*** Supplied data Section Begins ***
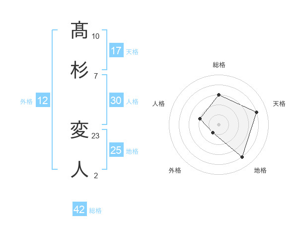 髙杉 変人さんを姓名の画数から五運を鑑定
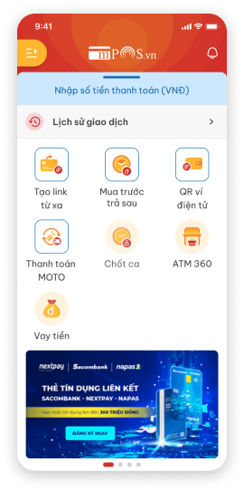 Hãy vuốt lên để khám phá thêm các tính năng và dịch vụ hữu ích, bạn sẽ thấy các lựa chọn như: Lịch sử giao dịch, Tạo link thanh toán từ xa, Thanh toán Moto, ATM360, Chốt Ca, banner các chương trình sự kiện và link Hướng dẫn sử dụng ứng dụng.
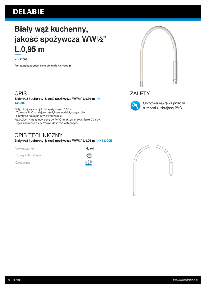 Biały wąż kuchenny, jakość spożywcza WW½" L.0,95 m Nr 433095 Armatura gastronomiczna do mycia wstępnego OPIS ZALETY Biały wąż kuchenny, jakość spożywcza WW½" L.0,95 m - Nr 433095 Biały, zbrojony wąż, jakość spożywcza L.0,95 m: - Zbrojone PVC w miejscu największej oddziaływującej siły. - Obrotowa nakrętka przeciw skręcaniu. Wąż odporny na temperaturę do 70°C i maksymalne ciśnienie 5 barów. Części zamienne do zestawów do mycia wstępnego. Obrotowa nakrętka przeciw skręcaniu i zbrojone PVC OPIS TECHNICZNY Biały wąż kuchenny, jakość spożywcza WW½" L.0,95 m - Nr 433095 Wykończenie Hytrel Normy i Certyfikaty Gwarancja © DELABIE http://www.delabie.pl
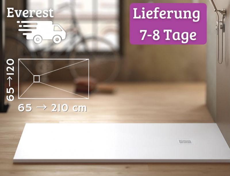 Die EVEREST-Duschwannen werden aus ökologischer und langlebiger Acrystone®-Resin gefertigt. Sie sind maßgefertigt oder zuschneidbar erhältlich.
*** Supplied data Section Ends ***
Leaving the images out, retype all the material above exactly.

### Final answer
 髙杉 変人さんを姓名の画数から五運を鑑定
 Hãy vuốt lên để khám phá thêm các tính năng và dịch vụ hữu ích, bạn sẽ thấy các lựa chọn như: Lịch sử giao dịch, Tạo link thanh toán từ xa, Thanh toán Moto, ATM360, Chốt Ca, banner các chương trình sự kiện và link Hướng dẫn sử dụng ứng dụng.
 Biały wąż kuchenny, jakość spożywcza WW½" L.0,95 m Nr 433095 Armatura gastronomiczna do mycia wstępnego OPIS ZALETY Biały wąż kuchenny, jakość spożywcza WW½" L.0,95 m - Nr 433095 Biały, zbrojony wąż, jakość spożywcza L.0,95 m: - Zbrojone PVC w miejscu największej oddziaływującej siły. - Obrotowa nakrętka przeciw skręcaniu. Wąż odporny na temperaturę do 70°C i maksymalne ciśnienie 5 barów. Części zamienne do zestawów do mycia wstępnego. Obrotowa nakrętka przeciw skręcaniu i zbrojone PVC OPIS TECHNICZNY Biały wąż kuchenny, jakość spożywcza WW½" L.0,95 m - Nr 433095 Wykończenie Hytrel Normy i Certyfikaty Gwarancja © DELABIE http://www.delabie.pl
 Die EVEREST-Duschwannen werden aus ökologischer und langlebiger Acrystone®-Resin gefertigt. Sie sind maßgefertigt oder zuschneidbar erhältlich.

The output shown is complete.